0 / 0
DataStage

DataStage

IBM® DataStage® is an ETL tool that you can use to transform and integrate data in projects.

 

DataStage is designed for ease of use and is fully integrated into Cloud Pak for Data. You can import your existing legacy parallel jobs into DataStage by using ISX files, use the DataStage design canvas to create, edit, and test flows, and run jobs that are generated from the flows. The DataStage service is a part of the data fabric.

DataStage is a data integration tool that moves and transforms data between operational, transactional, and analytical target systems. Data integration specialists use DataStage to develop flows that process and transform data. Hundreds of prebuilt transformation functions, parallel processing capabilities, and platform connectivity is available to connect directly to enterprise applications, cloud data sources, relational and NoSQL systems, REST endpoints, and more. You can administer, manage, deploy, and reuse these flows to integrate data across many systems throughout your organization.

Data format
Tabular: Avro, CSV, JSON, Parquet, TSV (read only), or delimited text files
Data size
Any
Required services
DataStage
Connectors
Example connectors include: Db2®, Netezza® Performance Server, Microsoft SQL Server, Oracle,Teradata, Snowflake, Microsoft Azure File Storage, Amazon Web Services and Google Cloud Platform services, and Amazon S3.
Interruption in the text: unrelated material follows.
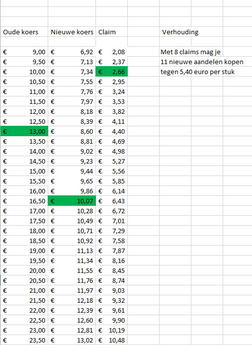 oor 8 oude aandelen krijg je recht op 11 nieuwe aandelen à €5,40. Die claimrechten hoef je niet uit te oefenen, maar kun je ook op de beurs verkopen. Dan gaat iemand anders ze uitoefenen.
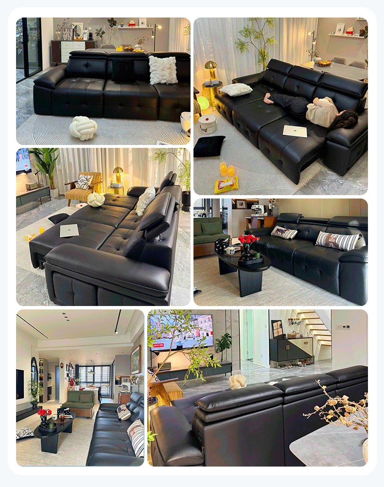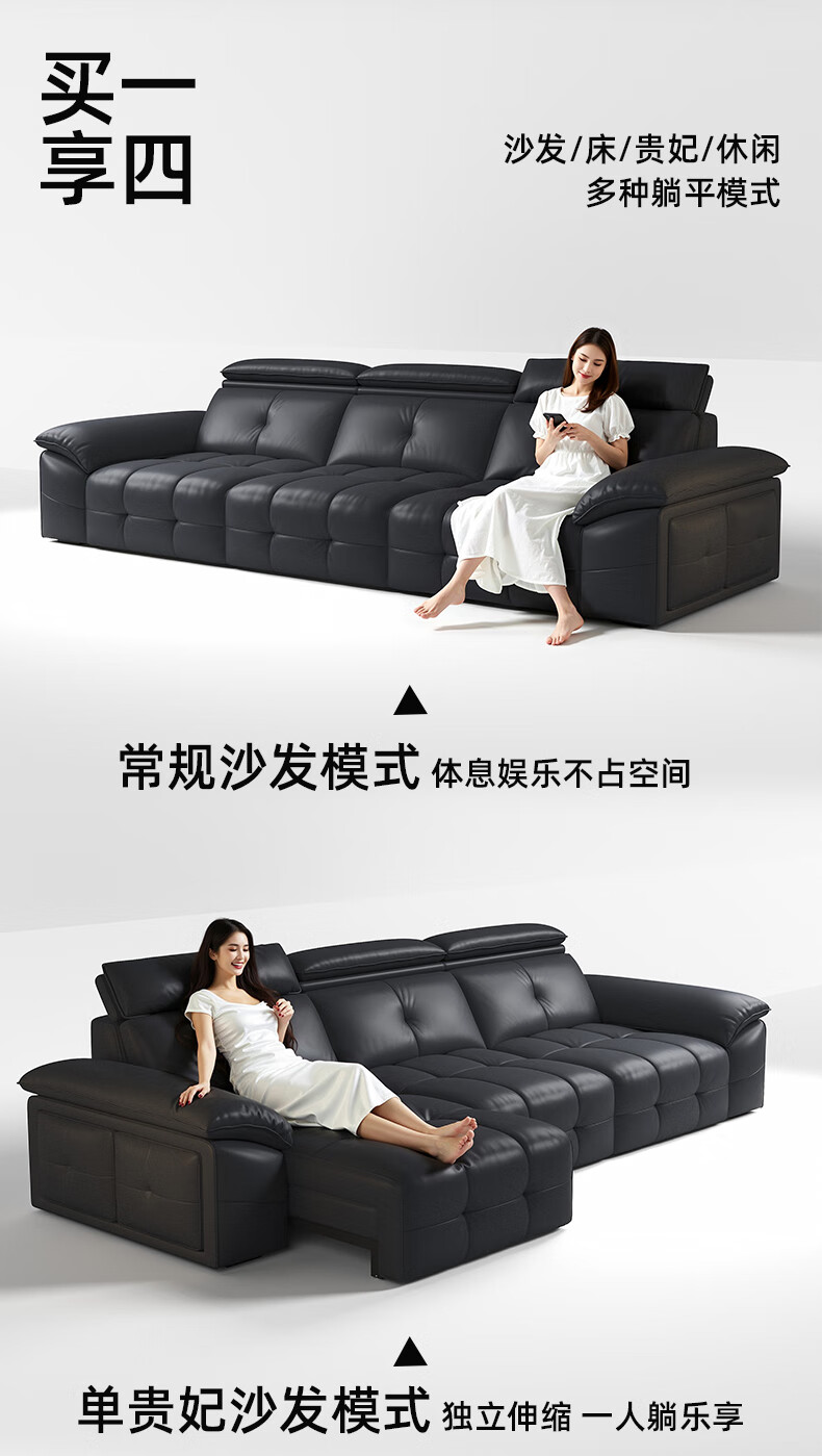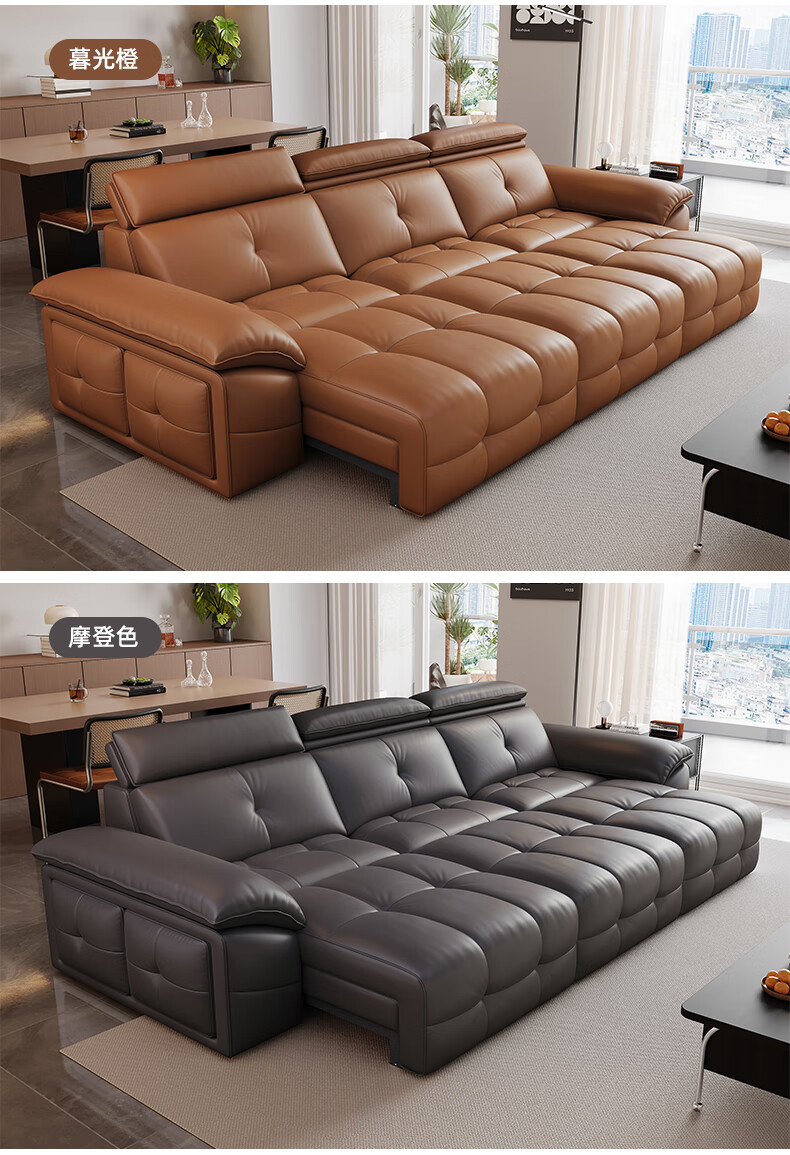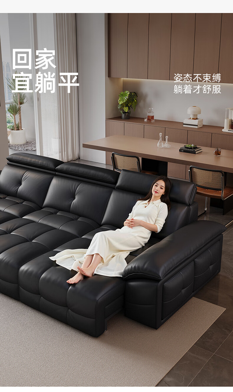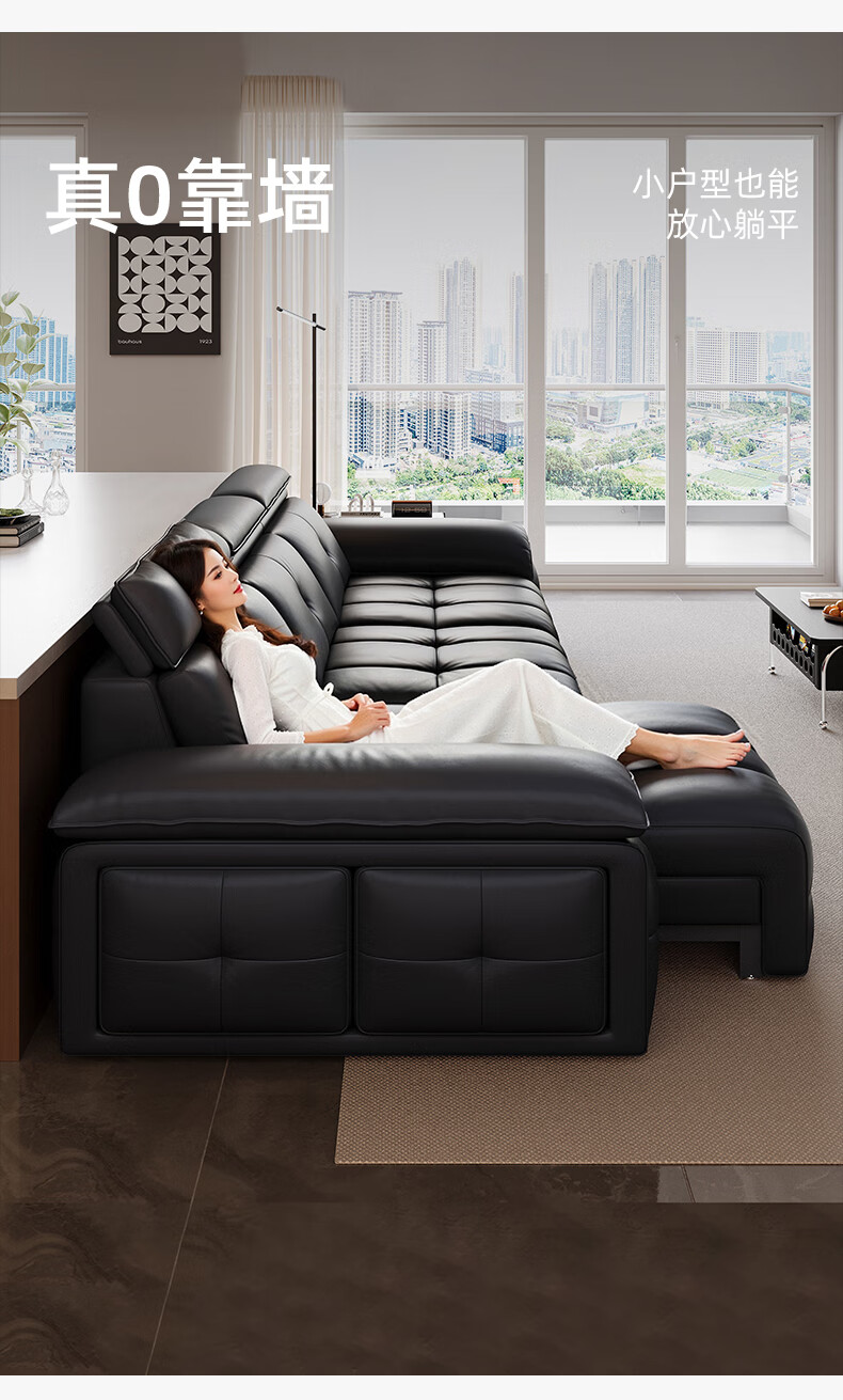 Zhien Government Subsidies Italian Minimalist Lawrence Zero Wall Electric Function Sofa Lazy Telescopic Living Room Leather Sofa Three Motors 3.25 Meters Three Positions (Remote Control, Voice, Mini Program Three Controls) 2.2mm Contact Surface Leather

See DataStage connectors for the list of connectors that DataStage supports.

Stages
This service provides stages, which describe a particular process such as accessing a database or transforming data in some way. DataStage stages provide common functions for moving and transforming data. QualityStage stages are important for, but not limited to, eliminating redundant, obsolete, or inaccurate data, standardizing data, and verifying address data.

See DataStage stages and QualityStage stages for information on the stages that DataStage supports.

For more information, see QualityStage stages.

Learn more

To review a quick start tutorial for DataStage, see Quick start: Transform data.

To review a tutorial for DataStage in the data fabric context, see Multicloud data integration tutorial: Integrate data.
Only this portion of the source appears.